Now with her lover and new lover dead, Maureen is alone. Sarah visits the house wanting to speak to John and Miriam says he has gone to Switzerland, presumably to imply that he has gone for assisted suicide to take Sarah off the scent. Sarah and Miriam become fast friends. Over the course of time, Sarah and Miriam begin a sexual tryst (a quite graphic one too for same sex relationships in the early eighties!) where Miriam bites Sarah on the arm.
Sarah starts to not be able to eat normal food and her body acts as if it is fighting off an extreme infection. Her colleagues and partner take a sample of blood and find that the ‘infection’ has spread and that she doesn’t have much time left before it takes over her. She ends up at Miriam’s again and finally succumbs to becoming a vampire. I did enjoy Susan Sarandon’s acting of her becoming a vampire, it gave a real unnerving sense of her death from a disease she cannot fight off. She kills her partner. One thing this did right is the uncomfortable feeling I had when Sarandon had killed her partner.

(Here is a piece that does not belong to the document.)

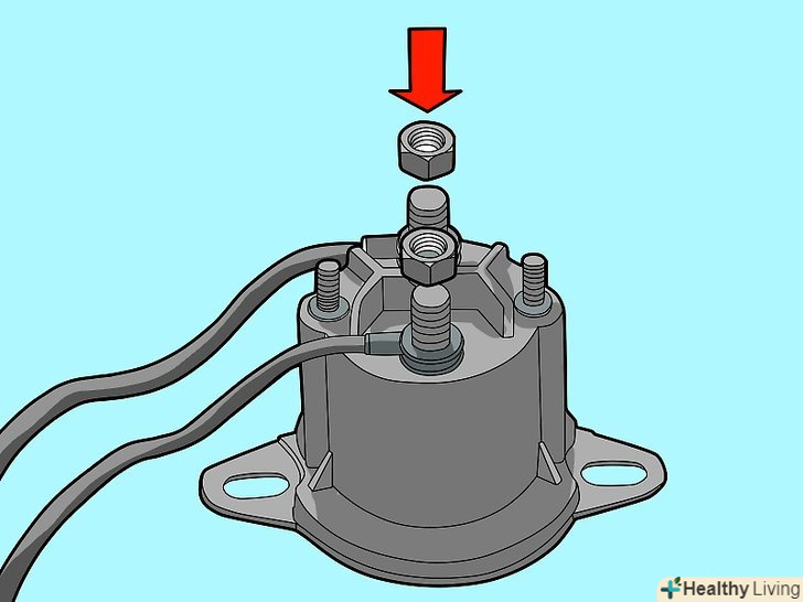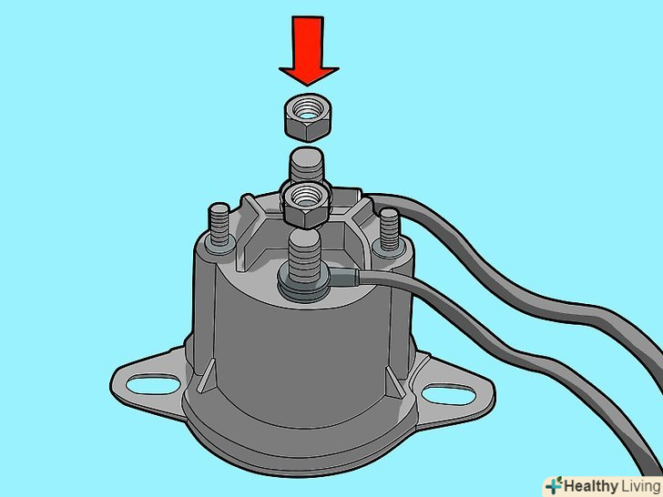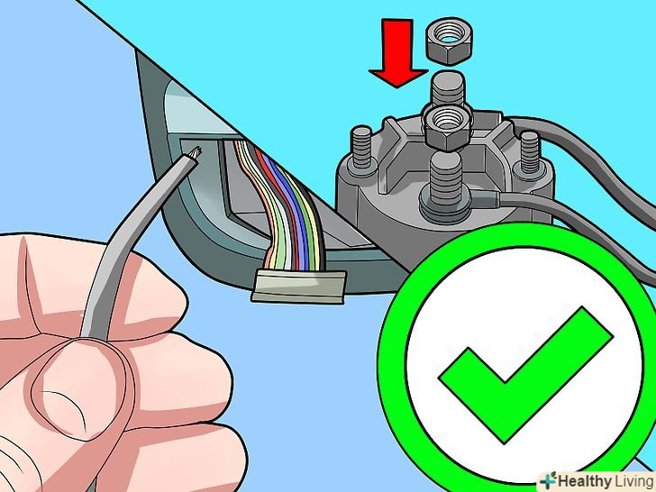 Підключіть один червоний дріт 10-калібру до позитивного ( + ) кабелю батареї.- Підключіть дріт до іншого, який йде до генератора. Зверніться до керівництва по експлуатації автомобіля і конкретним інструкціям по датчикам для уточнення деталей підключення проводки.

She walks into the room where Miriam is with blood all down her looking very content, quite terrifying!
Next is a scene I’m still very confused on, Sarah is understandably miffed that she is now part of the undead clan. In blind anger she goes to stab Miriam with the locket, however it’s actually Miriam that’s got the knife and stabbed Sarah. What makes this confusing is the way it’s edited, I still don’t really know how it happened or what happened. Miriam carries Sarah upstairs to put her in a coffin, but the skeletons of her past (quite literally) awake and run after her in the house. She falls down the stairs and ages extremely until she is a skeleton. A pretty mediocre death for the ‘villain’ of the story.

We find out in the last scene that Sarah lived and is now in Paris, having taken on a lover in the same way Miriam did.
While I applaud this film’s attempt at an artsy gothic style, I feel it should have started this from the outset, rather than tempt us with Bauhaus and a funky club. The tonal shift was too great for me to enjoy. I have issues with the editing and the addition of certain things, including the monkeys, because there is no pay off to why the monkeys are so important. The acting and special effects are the main good points and I cannot fault any of the three main people, they added to the film’s gothicness, even if editing did fail them. A crime I cannot forgive though is the lack of Bowie! The worst crime of all though is Sarandon’s hair!
Talking to my partner who watched this with me he pointed out a couple of things. The film comes across as trying to be edgy and artsy, but the strange editing lets it down. It shouldn’t have tried to be so clever. He also said that the cinematography was very similar to Michael Mann.
Overall I’d give this film a 2 1/2 out of five, I’ll not reach for this flick again unless it was on the television and there was nothing better on.